** Activity **
Take from the entries below the stretch from the line with "pleated high waist skirt with button detail" through the line with "1boy animal_ears artist_name", and return it exactly, leaving the pictures out.

** Extracted records **

↓

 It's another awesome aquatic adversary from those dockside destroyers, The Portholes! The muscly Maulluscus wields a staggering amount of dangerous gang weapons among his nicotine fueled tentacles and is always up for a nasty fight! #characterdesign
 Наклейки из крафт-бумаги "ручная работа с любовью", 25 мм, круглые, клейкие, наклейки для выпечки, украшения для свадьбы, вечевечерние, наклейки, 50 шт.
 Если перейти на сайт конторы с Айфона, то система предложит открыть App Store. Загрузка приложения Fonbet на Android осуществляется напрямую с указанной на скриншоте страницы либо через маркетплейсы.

↑
↓

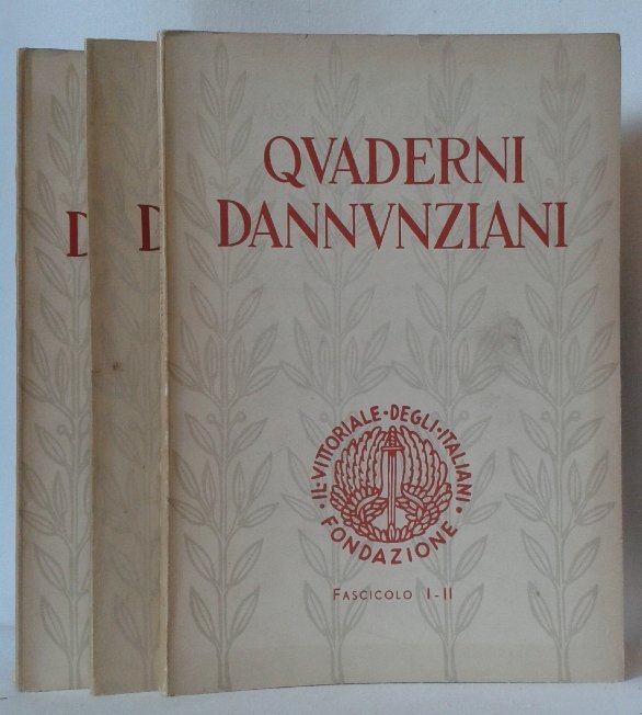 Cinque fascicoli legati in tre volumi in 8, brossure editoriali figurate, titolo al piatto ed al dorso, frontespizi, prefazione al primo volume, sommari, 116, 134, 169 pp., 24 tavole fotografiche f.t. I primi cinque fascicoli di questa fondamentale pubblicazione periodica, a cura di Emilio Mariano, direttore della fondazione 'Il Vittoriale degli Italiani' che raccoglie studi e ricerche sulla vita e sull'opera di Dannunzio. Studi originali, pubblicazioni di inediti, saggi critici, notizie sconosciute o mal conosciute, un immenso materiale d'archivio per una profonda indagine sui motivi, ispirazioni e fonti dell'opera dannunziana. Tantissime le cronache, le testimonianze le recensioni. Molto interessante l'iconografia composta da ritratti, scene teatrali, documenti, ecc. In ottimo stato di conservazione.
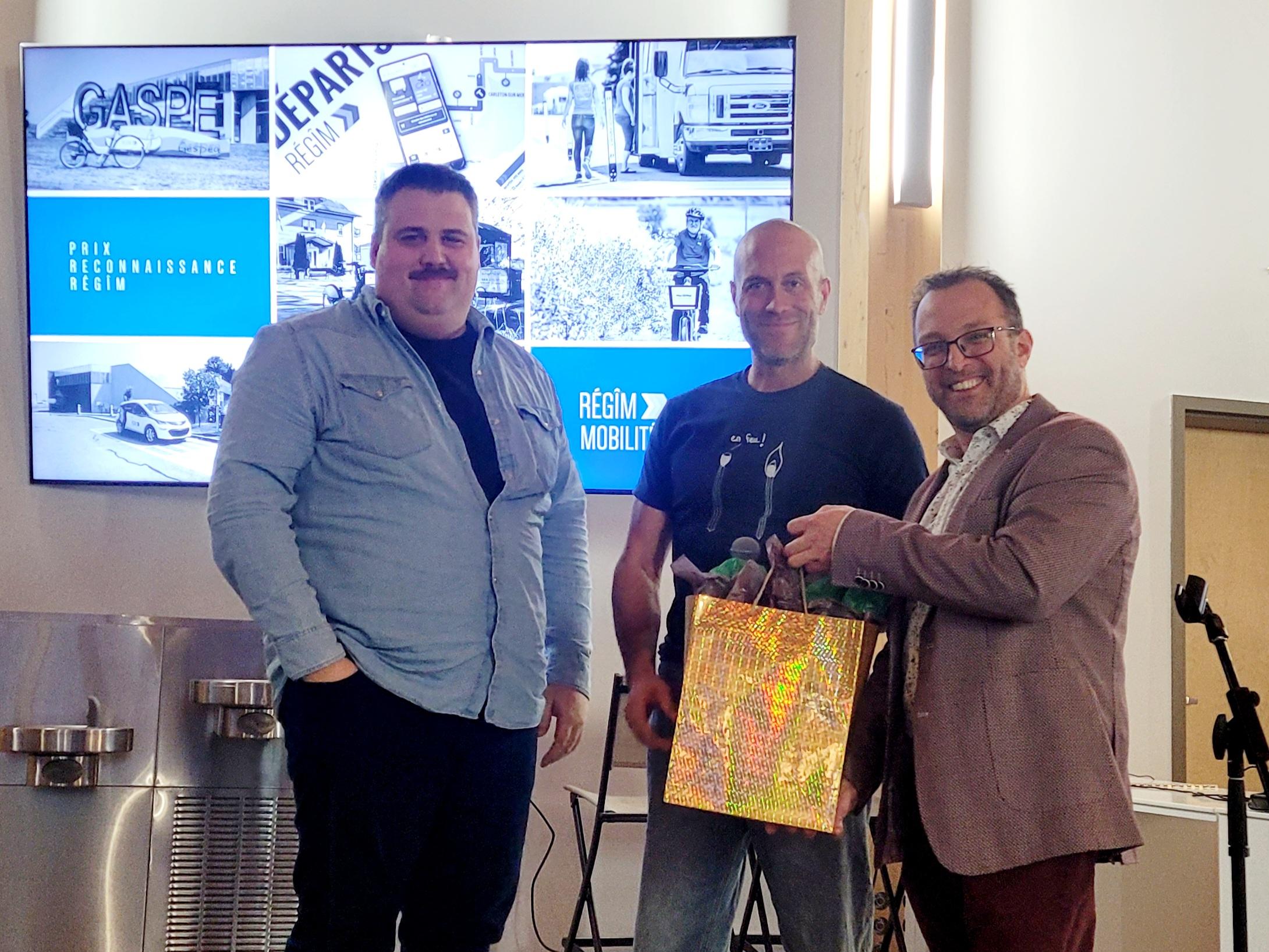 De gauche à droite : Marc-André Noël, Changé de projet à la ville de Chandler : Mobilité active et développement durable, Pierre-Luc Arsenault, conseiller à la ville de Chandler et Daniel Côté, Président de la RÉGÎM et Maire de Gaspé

↑
↓

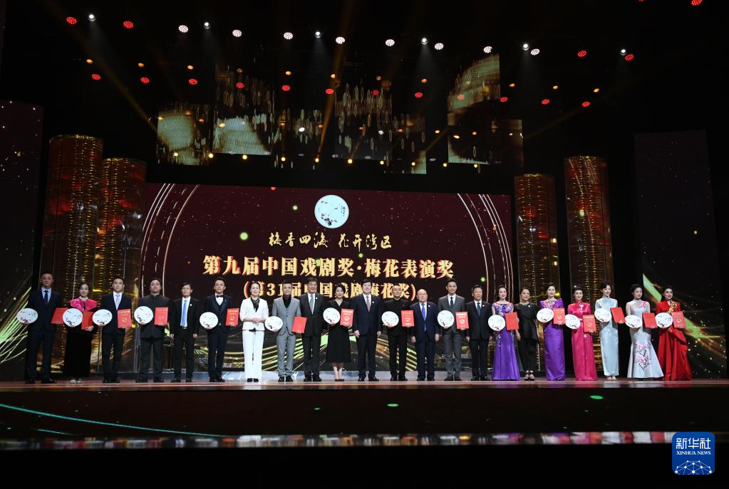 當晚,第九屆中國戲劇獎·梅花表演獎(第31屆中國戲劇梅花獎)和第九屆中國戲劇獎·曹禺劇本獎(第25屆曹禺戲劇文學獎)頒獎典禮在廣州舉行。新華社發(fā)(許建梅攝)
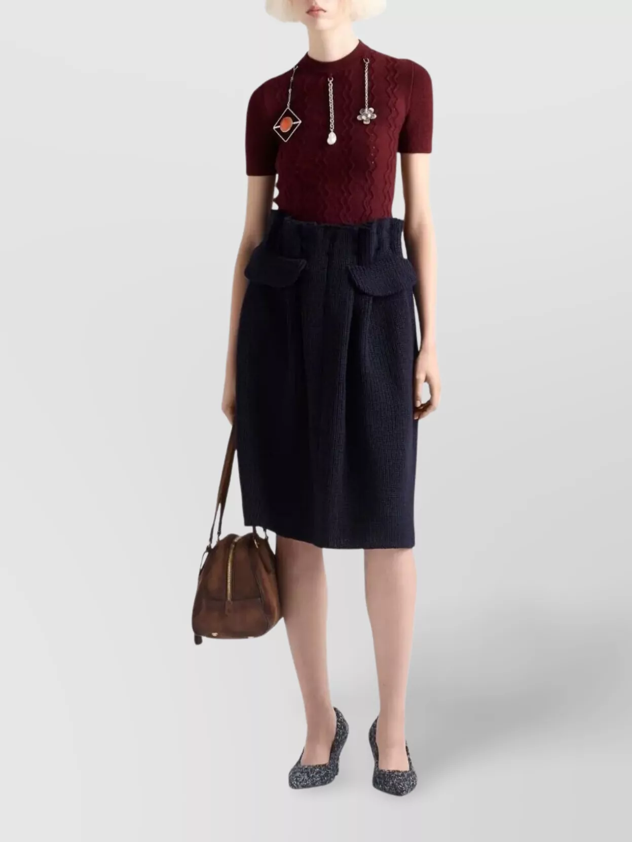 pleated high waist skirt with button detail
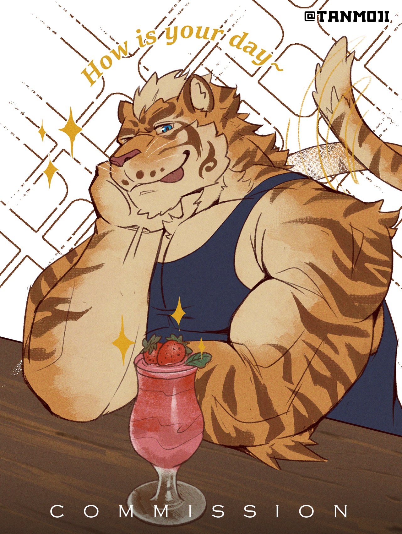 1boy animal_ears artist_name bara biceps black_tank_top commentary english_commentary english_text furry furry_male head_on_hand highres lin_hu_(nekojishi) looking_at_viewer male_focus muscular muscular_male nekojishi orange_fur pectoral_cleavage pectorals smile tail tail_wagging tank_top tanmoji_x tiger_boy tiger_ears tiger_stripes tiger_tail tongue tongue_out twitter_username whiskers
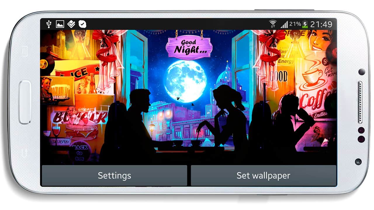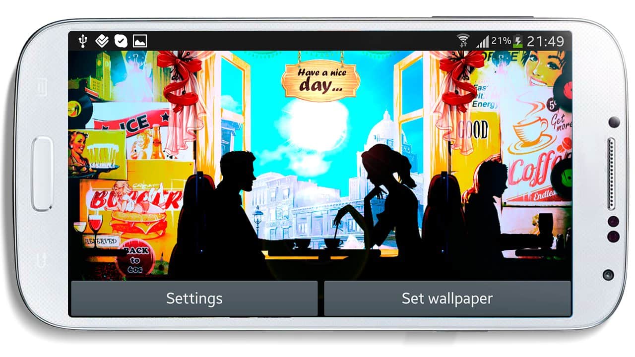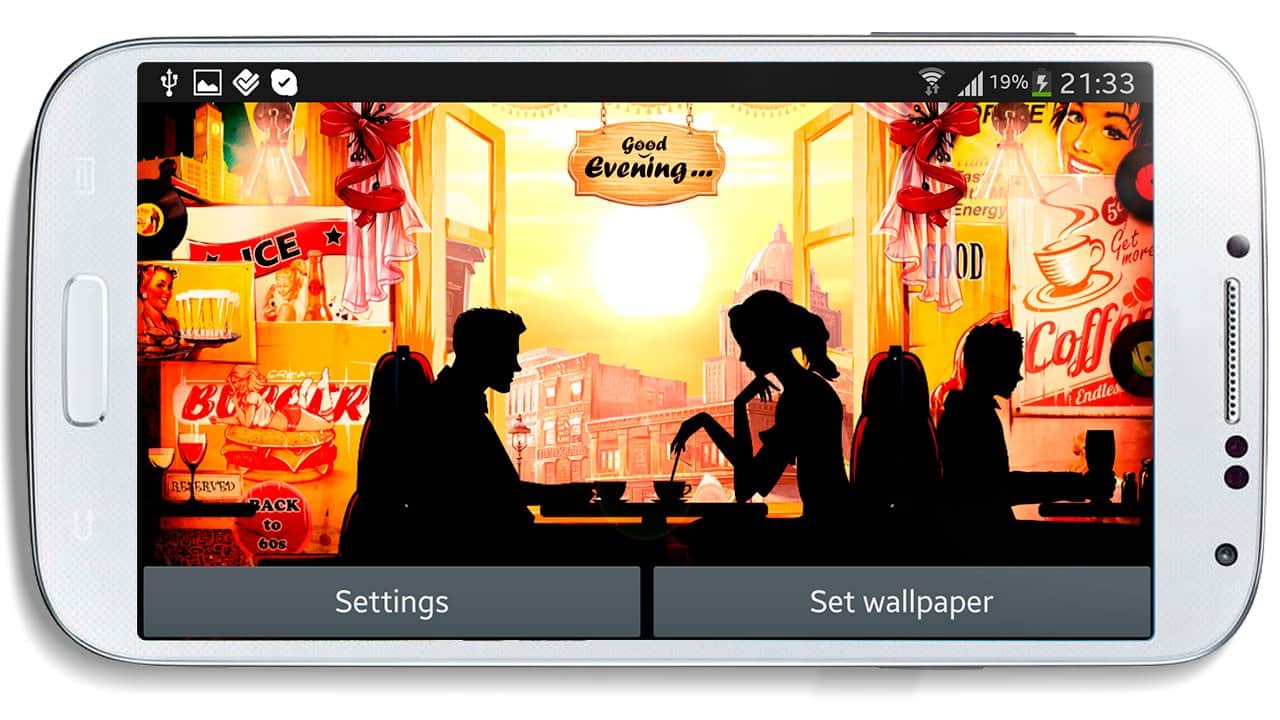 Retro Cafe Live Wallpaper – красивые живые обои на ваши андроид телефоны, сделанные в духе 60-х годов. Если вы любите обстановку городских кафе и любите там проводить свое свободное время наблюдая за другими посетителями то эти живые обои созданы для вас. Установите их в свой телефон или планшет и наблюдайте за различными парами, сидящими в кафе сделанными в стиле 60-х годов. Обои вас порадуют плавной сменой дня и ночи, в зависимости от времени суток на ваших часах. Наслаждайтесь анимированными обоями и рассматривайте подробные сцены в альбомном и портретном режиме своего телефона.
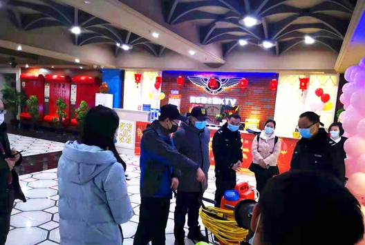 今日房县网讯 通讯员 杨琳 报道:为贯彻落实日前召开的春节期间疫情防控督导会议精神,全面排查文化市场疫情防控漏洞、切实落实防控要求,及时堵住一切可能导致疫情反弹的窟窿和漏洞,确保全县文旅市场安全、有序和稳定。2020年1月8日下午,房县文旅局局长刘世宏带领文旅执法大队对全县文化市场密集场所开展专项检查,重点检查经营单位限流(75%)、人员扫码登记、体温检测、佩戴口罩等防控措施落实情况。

↑

** Solved problem **
 pleated high waist skirt with button detail
 1boy animal_ears artist_name bara biceps black_tank_top commentary english_commentary english_text furry furry_male head_on_hand highres lin_hu_(nekojishi) looking_at_viewer male_focus muscular muscular_male nekojishi orange_fur pectoral_cleavage pectorals smile tail tail_wagging tank_top tanmoji_x tiger_boy tiger_ears tiger_stripes tiger_tail tongue tongue_out twitter_username whiskers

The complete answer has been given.